Monday, November 7, 2011

Conversations with Great Minds - Dick Gregory





For tonight's Converation with Great Minds - I am joined by Dick Gregory to talk about Occupy Wall Street, his activist work on the death penalty for a white supremacist, the Keystone Pipeline and more. Dick Gregory is a comedian, social activist writer, and entrepreneur whose work has redefined how Americans perceive political comedy and African American comedians. He got his first big break when he was hired by Hugh Hefner to perform stand up at the Chicago Playboy Club in 1961 and he hasn't stopped since.

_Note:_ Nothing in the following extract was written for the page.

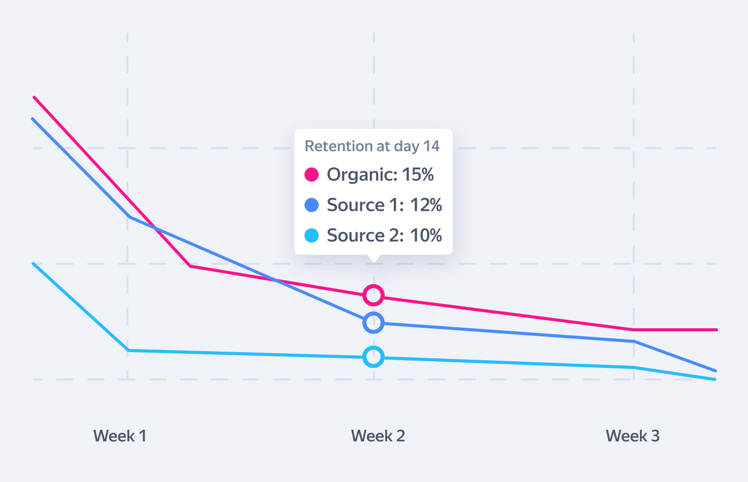 Ramp up growth by measuring ad effectiveness. And picking your best traffic sources with detailed new user behavior reports.

He began political activism by running against Richard J. Daley for the mayor's office in Chicago in 1967 and followed that up with a write-in campaign for the Oval Office in 1968 as a candidate of the Freedom and Peace Party. He has devoted himself to many causes throughout his career as an activist - including civil rights, women's rights, anti-war campaigns, the international anti-apartheid movement and environmental protection issues. When Thom Hartmann ran a community for abused kids in New England in the early 1980s, he was on the advisory board, and did fundraisers for the Salem program, and he traveled with Thom to Uganda during the end of the war with Idi Amin to set up famine and medical relief programs. He has devoted his life to using his considerable talents and gifts to helping others. He now finds himself on Comedy Central's list of the 100 Greatest Standups of All Time and has his own star on the St. Louis Walk of Fame.